2018年6月の追補収載された製剤(15成分33規格119品目)の中で、「アイミクス」の後発品が最多となり、人気の高さが伺えます。「アイミクス」のジェネリックである「イルアミクス」の発売日は、2018年6月15日と発表されました。他社の競合ジェネリックも収載から3ヶ月以内に発売される予定です。

▼広告のキービジュアル

100mg/10mgの合剤で「百十」→百獣の王→ライオン

ということで、アイミクスのイメージキャラは【ライオン】となっています。
ライオンは“強さ”の象徴です。先発品の「アイミクス」のキービジュアルは、手塚治虫先生の「ジャングル大帝」が使われていました。

イルベサルタンAGとイルアミクスAG

▼代表的なARB+Ca拮抗薬の合剤

ミカムロ」:ベーリンガーインゲルハイム/アステラス
アイミクス」:シオノギ製薬/大日本住友
アテディオ」:持田製薬
エックスフォージ」:ノバルティスファーマ
ユニシア」:武田薬品
レザルタス」:第一三共/興和

高血圧症は世界で最も患者数が多い疾患であり、国内では約4300万人いると言われています。高血圧治療のガイドラインでは食生活の改善とともに薬物治療がメインとなっており、最近は作用機序の異なる薬剤を組み合わせた(高血圧の原因が複数存在するので)併用療法が推奨されていて、年々使用頻度が高まっています。

▼イルベサルタンの特許切れ

2017年12月、「アイミクス」の有効成分のひとつ“イルベサルタン(製品名:イルベタン、アバプロ)”の特許が切れ、多くの後発品が登場しました(11社36品目)。

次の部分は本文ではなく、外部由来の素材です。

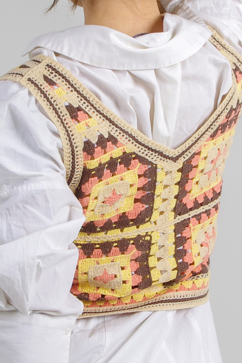Crochet vest in warm shades with square patterns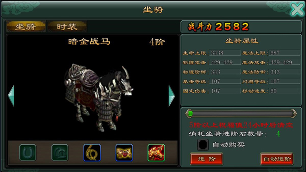3. 坐骑装备:通过打坐骑副本获得坐骑装备,可以装备到坐骑身上的对应位置,坐骑装备提升的属性可以直接增加给人物哦! 不同的坐骑还有不同的外观显示,萌呆酷帅一应俱全,是不是很心动?快来掌上征途游戏中培养一匹属于你的坐骑吧! |

対抗策として、「アバプロ」の販売元である大日本住友製薬は子会社からAG(オーソライズド・ジェネリック)を発売しました。このAG品は、「アバプロ」と原薬、添加物、製造工程まですべて同じとのことです。病院や診療所へは大日本住友が情報提供を行い、調剤薬局へは100%子会社の“DSファーマプロモ”が情報提供を行っています。

2016年の「アバプロ」の売上は103億円。2017年度の売上予測は80億円で、特許切れの影響を折り込んでいます(アバプロ・ファミリーとしては274億円。2017年度予測:255億円)。ちなみに、同じARB薬の上位の売上は「オルメテック」が694億円。「ミカルディス」が576億円でした(2016年度)。

一般名:イルベサルタン/アムロジピンベシル酸塩配合錠
製品名:アイミクス配合錠LD,HD
長時間作用型ARB/持続性Ca拮抗薬配合錠
大日本住友製薬
DSファーマバイオメディカル
サノフィ
発売準備中(2018年6月15日発売)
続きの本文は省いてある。